Supplementary Material: Preparation of stock solutions and buffers Please click here to download this File.
In nature, manipulations with protein structures and functions typically occur due to mutations, the phenomenon that leads to an exchange of an amino acid identity at certain positions in the protein sequence. This natural mechanism is widely applied as a biotechnological method for protein engineering in the form of mutagenesis, and it relies on the repertoire of the 20 canonical amino acids involved in the process. The exchange of proline residues is problematic, however. Due to its special backbone group architecture, it is hardly interchangeable with the remaining 19 residues for replacement72. For example, proline is typically known as a secondary structure breaker in polypeptide sequences because of its poor compatibility with the most common secondary structures, i.e., α-helix and β-strand. This proline feature is easily lost when the residue is mutated to another amino acid from the common repertoire. The replacement of proline with its chemical analogs offers an alternative approach, which enables to keep the basic backbone features of the parent proline residue while imposing bias on its specific conformational transitions or producing modulations of the molecular volume and polarity. For example, it is possible to supply bacterial cultures with analog structures such as hydroxy-, fluoro-, alkyl-, dehydroprolines, structures having variable ring sizes and more, thus facilitating the production of a protein containing specific proline residue alterations.
The selective pressure incorporation (SPI) method described in this study allows for a global, i.e., residue-specific replacement of all prolines in the target protein with related chemical analogs. The importance of the method is reflected by the fact that SPI allows creating sequence changes inaccessible to common mutagenesis techniques. For example, it allows the production of a target protein containing rather small structural changes that may typically not exceed one or two atom replacements/deletions/additions, as demonstrated in this study. Such protein modifications are dubbed "atomic mutations"73,74. In a fluorescent protein such as GFP, the result of this molecular intrusion can be seen in the velocity of folding, local polarities, protein packing, stability of the involved structural features. The changes in the absorbance and fluorescence properties are produced indirectly due to the impact on protein folding and residue microenvironments. The precision of the molecular changes performed by SPI is typically much higher, as compared to mutations of prolines to other canonical residues, the latter being typically detrimental for the protein folding, production, and isolation.
As a production method, the SPI approach uses the substrate tolerance of the aminoacyl-tRNA synthetase pocket towards chemical analogs of the native amino acid. The synthetase is responsible for the correct identification of the amino acid structure, while the incorporation into proteins occurs downstream in the translation process. Instrumentally, the protein production, isolation, and purification in SPI are performed in a way typical for any other recombinant protein expression techniques; however, with some additions to the protocol as follows: Proline, which is bound for replacement, is provided at the beginning of the fermentation process, such that the cells can grow and develop their intact cellular machinery. However, the cell culture is not allowed to reach the maximal optical density, to keep the cells in the logarithmic phase optimal for protein expression. There are two major variations of the SPI method at this point. In the first one, the concentration of proline is adjusted in the initial growth medium (a chemically defined medium) such that depletion of proline happens without any external intrusion.

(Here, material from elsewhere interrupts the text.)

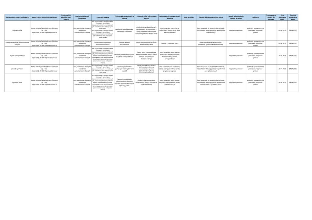 Nazwa zbioru danych osobowych Nazwa i adres Administratora Danych Przedstawiciel administratora danych Powierzenia danych osobowych Podstawa prawna art. 23.1.1 Ustawy o Ochronie Danych Osobowych – powołujący dopuszczalność przetwarzania danych gdy osoba której dane dotyczą wyrazi na to zgodę. art. 23.1.3 Ustawy o Ochronie Danych Osobowych – powołujący dopuszczalność przetwarzania danych gdy osoba której dane dotyczą jest stroną umowy Cel przetwarzania danych w zbiorze Kategoria osób, których dane dotyczą Zakres danych przetwarzanych w zbiorze Realizacja zapisów umowy zawieranej z klientami Osoby, które wykupiły karnety uprawniające do korzystania z usług kompleksu rekreacyjnobasenowego Nemo-Wodny świat Data dokonania wpisu Ostatnia aktualizacja wpisu podmioty uprawnione na podstawie przepisów prawa 28.04.2015 28.04.2015 na pisemny wniosek podmioty uprawnione na podstawie przepisów prawa 28.04.2015 28.04.2015 na pisemny wniosek podmioty uprawnione na podstawie przepisów prawa 28.04.2015 28.04.2015 Sposób zbierania danych do zbioru Sposób udostępniania danych ze zbioru Odbiorcy Imię i nazwisko; numer karty; rodzaj karty; status karty; data ważności karnetu Dane pozyskuje się bezpośrednio od osób, których dane dotyczą poprzez wypełnienie dokumentacji na pisemny wniosek Dane pozyskuje się bezpośrednio i pośrednio, zgodnie z Kodeksem Pracy. Zbiór Klientów Nemo - Wodny Świat Dąbrowa Górnicza Sp. z o.o. Aleja Róż 1, 41-300 Dąbrowa Górnicza lista podmiotów dostepna w siedzibie Administratora Danych Zbiór Pracowników Administratora Danych Nemo - Wodny Świat Dąbrowa Górnicza Sp. z o.o. Aleja Róż 1, 41-300 Dąbrowa Górnicza lista podmiotów dostepna w siedzibie Administratora Danych Umowy o pracę/współpracę z Administratorem Danych Obsługa własna pracowników Osoby zatrudnione przez firmę Nemo-Wodny świat Zgodnie z Kodeksem Pracy art. 23.1.5 Ustawy o Ochronie Danych Osobowych – powołujący dopuszczalność przetwarzania danych gdy jest to niezbędne dla wypełnienia prawnie usprawiedliwionych celów realizowanych przez administratorów danych a przetwarzanie nie narusza praw i wolności osoby, której dane dotyczą Rejestracja napływającej oraz wysyłanej korespondencji Osoby, które korespondują z Administratorem Danych lub do których wysyłana jest korespondencja Imię i nazwisko; adres; nazwa firmy; data wpływu/wysyłnia korespondencji; temat korespondencji Dane wrażliwe Przekazywanie danych do państwa Rejestr korespondencji Nemo - Wodny Świat Dąbrowa Górnicza Sp. z o.o. Aleja Róż 1, 41-300 Dąbrowa Górnicza lista podmiotów dostepna w siedzibie Administratora Danych Zawody sportowe Nemo - Wodny Świat Dąbrowa Górnicza Sp. z o.o. Aleja Róż 1, 41-300 Dąbrowa Górnicza lista podmiotów dostepna Osobowych – powołujący dopuszczalność przetwarzania danych w siedzibie gdy osoba której dane dotyczą wyrazi Administratora Danych Organizacja zawodów sportowych oraz wydawanie nagród Osoby, które biorą udział w zawodach sportowych organizowanych przez Administratora Danych Imię i nazwisko; rok urodzenia; adres; rodzaj zawodów; wyniki; przyznana nagroda Dane pozyskuje się bezpośrednio od osób, których dane dotyczą poprzez wypełnienie kart zgłoszniowych na pisemny wniosek podmioty uprawnione na podstawie przepisów prawa 28.04.2015 28.04.2015 Nemo - Wodny Świat Dąbrowa Górnicza Sp. z o.o. Aleja Róż 1, 41-300 Dąbrowa Górnicza art. 23.1.5 Ustawy o Ochronie Danych Osobowych – powołujący dopuszczalność przetwarzania danych gdy jest to niezbędne dla wypełnienia prawnie usprawiedliwionych celów realizowanych przez administratorów danych a przetwarzanie nie narusza praw i wolności osoby, której dane dotyczą Ewidencja zgubionego sprzętu oraz dochodzenie roszczeń w postaci kaukcji za zgubiony pasek Osoby, które zgubiły pasek elektroniczny będący kluczem do szafki basenowej Imię i nazwisko; adres; numer telefonu; data zgubienia paska; pobrana kaucja Dane pozyskuje się bezpośrednio od osób, których dane dotyczą poprzez wypełnienie oświadczenia o zgubieniu paska na pisemny wniosek podmioty uprawnione na podstawie przepisów prawa 28.04.2015 28.04.2015 Zgubione paski art. 23.1.1 Ustawy o Ochronie Danych na to zgodę lista podmiotów dostepna w siedzibie Administratora Danych

The cells exhaust proline in the medium before they can exit the logarithmic growth phase, and then, subsequently, the analog is added, and the protein of interest production is induced. In the second version of the method, the cells are grown in the medium containing proline until the middle of their logarithmic phase. At this point, the cells should be taken out and physically transferred into another medium, which no longer contains proline, only the analog, with subsequent induction of the protein of interest. In both versions, the analog and the protein induction reagent are provided to the pre-grown cells. The isolation and purification of the wild-type protein are performed in the same way as for the variants. In principle, every available Pro-auxotrophic strain can be used as an expression host. Nevertheless, expression tests to identify the most suitable host are advisable. Also, tests of different chemically defined media can be used to optimize protein yield.
There are certain requirements regarding the chemical analogs that need to be considered for SPI, such as solubility and concentration. The metabolic availability and uptake of amino acids are dependent on the number of dissolved molecules in the medium. To increase the solubility of a particular compound, slightly acidic or alkaline conditions can be chosen. Since the artificial molecules can cause growth inhibitory effects due to their cell toxicity, the concentration should be lowered to a minimum in order to avoid cell stress75.
A minor weakness of SPI is the decrease of incorporation efficiency with larger numbers of positions that need to be exchanged. In principle, a reduction of the amino acid frequency within the target biomolecule by site-directed mutagenesis can solve this problem. However, the structural and functional properties of a desired protein might be affected by changing the primary structure.
As mentioned before, SPI allows residue-specific replacement of the canonical amino acid. This implies that non-canonical amino acids are inserted into every position of the canonical amino acid within the target protein, including conserved residues that are indispensable for protein function or folding. Alternative methods for site-specific incorporation are the only possibility to overcome this issue3. In the past few decades, the orthogonal pair method has been developed that can produce proteins containing modified residues at predefined sites. The most common modification of this method is known as stop codon suppression. This method is based on an engineered orthogonal translation system dedicated for site-specific incorporation of synthetic amino acids76. More than 200 amino acids with different side-chain modifications have been incorporated into proteins to date using this approach77. However, these translation systems are still not suitable for insertions of proline analogs into target proteins. Furthermore, the method's performance is considered low in the case of minor amino acid modifications because some background promiscuity of the aminoacyl-tRNA synthetase typically remains in the engineered translation systems.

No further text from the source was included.